Chapter 4 Flashcards
(13 cards)
1
Q
measure of central tendency
A
- tells us what sample is like on average
- mean, median, mode
2
Q
2 stats needed to describe data
A
- measures of central tendency
- measures of variability
3
Q
mode
A
- most frequent score
- appropriate with nominal, ordinal, interval, or ratio data
- easily found from ungrouped frequency distribution
- symbol: Mo
4
Q
median
A
- score that divides group in half (50% fall below, 50% fall above -> that’s why it’s aka P50)
- appropriate with ordinal, interval, or ratio data
- to find: rank-order scores from highest to lowest
- if number of scores is even, median is midpoint between 2 middle scores
- symbol: Mdn
5
Q
mean
A
- adding all scores and dividing by number of scores
- can only be used with interval or ratio data
- symbol: mu (Greek letter u)
6
Q
symbols: X, X bar, sigma, ux (mu subscript x), N, n
A
- X: number of scores in pop.
- X bar: mean of a sample of scores
- sigma: Greek E, means add up whatever comes after it
- ux: the mean of a population of scores
- N: population size
- n: sample size
7
Q
deviation score
A
- X-X bar
- shows how much the score differs from the mean
- should add up to 0 if you do this for all scores in the distribution
8
Q
outlier
A
- extreme score in the distribution
- median is less sensitive than the mean is to outliers
9
Q
open-ended distributions
A
- when exact scores cannot be recorded at one end of the distribution
- ex. bystander experiment: when nobody helped and the confederate had to stand up to avoid being trampled -> we can’t calculate mean time without assuming how long it would have taken someone to help
10
Q
score transformations and central tendency
A
- process that changes every score in a distribution to one on a specific scale (ex. scaling)
- ex. if we add (or subtract) 10 points to all scores, the mean of all scores will increase (or decrease) by 10 points
- ex. if we multiply (or divide) all scores by 2, the mean of all scores will become twice as large (or small)

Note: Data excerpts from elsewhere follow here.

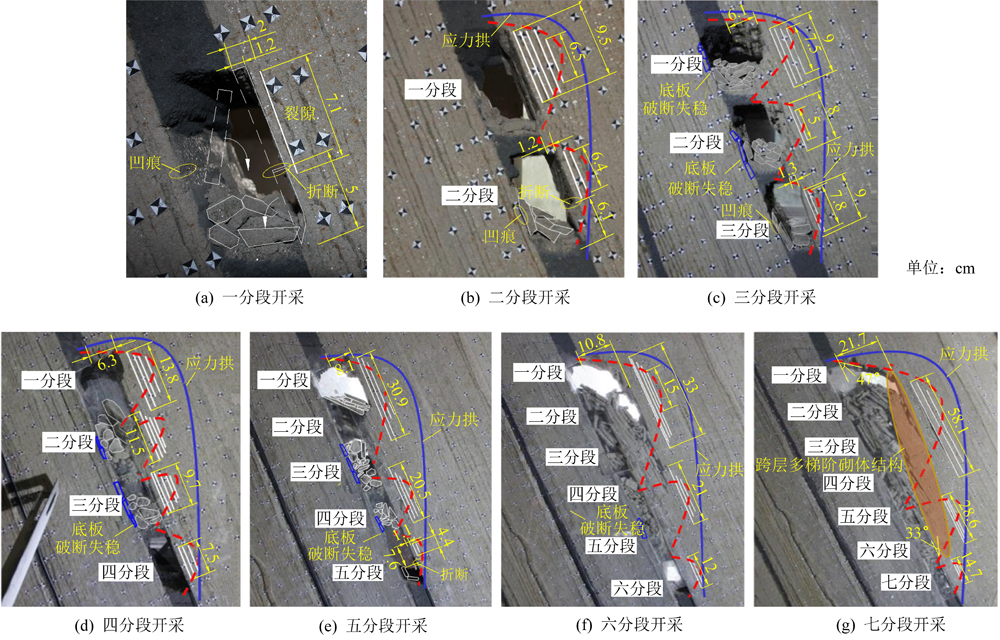 由图6可得各分段破坏特征:①一分段开采后,直接顶中下部(0.4L)位置断裂、垮落,垮落高度1.2 cm,断裂位置下岩梁以下端点为中心发生顺倾向旋转滑落,断裂位置上岩梁以上端点为中心发生逆倾向旋转滑落,裂隙发展高度2 cm。垮落岩块对底板中下部区域冲击扰动,底板裂隙发展深度0.7 cm(图7a)。②二分段开采后,二分段顶板运移特征与一分段开采时相似,由于二分段开采扰动,一分段顶板裂隙进一步纵向延伸至6.1 cm高度、横向延伸但未贯通二分段顶板(图7b)。③三分段开采后,三分段直接顶垮落1.2 cm,受三分段开采扰动影响,顶板第2次垮落,一、二分段顶板垮落高度分别为6.1、4.0 cm,一、二分段顶板裂隙横向延伸贯通、纵向延伸高度发展分别达到12.2、6.2 cm,一、二分段底板出现滑移失稳(图7c)。④四分段开采后,受开采扰动影响,一、二分段煤柱失稳,一、二、三分段贯通,顶板第3次垮落,一、二分段顶板垮落高度分别为6.3、4.0 cm(图7d)。⑤五分段开采后,三分段煤柱失稳,一至四分段贯通,顶板第4次垮落,一分段顶板垮落高度大8.1 m,裂隙纵向发展高度达15.6 cm,二、三、四分段受垮落矸石充填支撑作用,未发生进一步垮落,但裂隙进一步纵横向发展(图7e)。⑥六分段开采后,四分段煤柱失稳,五分段与上部采空区贯通,顶板发生第5次垮落,一、二、三分段顶板垮落高度10.8 cm、裂隙高度20.6 cm,四分段顶板垮落高度6.1 cm、裂隙高度15.6 cm,五分段顶板裂隙纵横向进一步延伸(图7f)。⑦七分段开采后,顶板发生第6次垮落,垮落高度达到21.7 cm,裂隙发展高度33.1 cm(图7g)。上垮落角为47°,下部垮落角为33°。
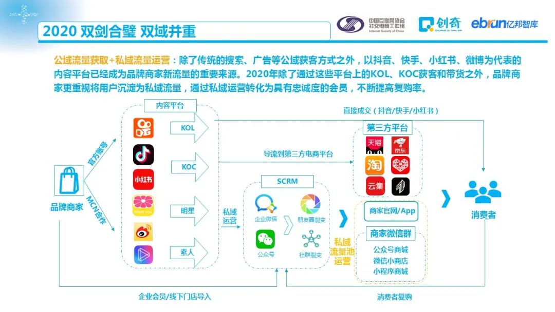 2020年直播短视频、会员分销、拼团、社区团购等新业态、新模式加速发展,不断拓宽社交电商边界。在大平台流量成本居高不下、品牌商家加速构建私域流量的背景下,加之疫情在上半年对线下消费的冲击,基于微信、直播、社群等新渠道成为品牌商家追逐的下一个流量池。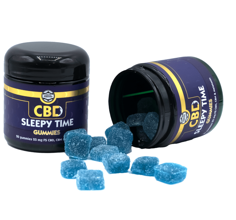 Asheville Dispensary’s CBD Sleepy Time Gummies contain 25mg of full-spectrum cannabinoids per gummy, including 20mg CBD (with 1-2mg THC), 5mg CBN, and 3mg Melatonin. These gummies are formulated to promote relaxation and enhance sleep quality.

- these are all linear transformations as they preserve the linear relationship between original and transformed scores
11
Q
central tendency and skewed disributions
A
- in symmetrical distributions with 1 mode (ex. normal curve), Mu, Md, Mo have same value
- in skewed distributions, mean is pulled towards extreme scores at tail, and median gets pulled about 2/3rds of the way to extreme (between Mu and Mo)
12
Q
which measure of central tendency satisfies the least squares criterion?
A
the mean
13
Q
which measure of central tendency is best?
A
- Mode is preferred for categorical variables
- Median is preferred for descriptive purposes
- Sample mean is preferred for inferential purposes (more reliable)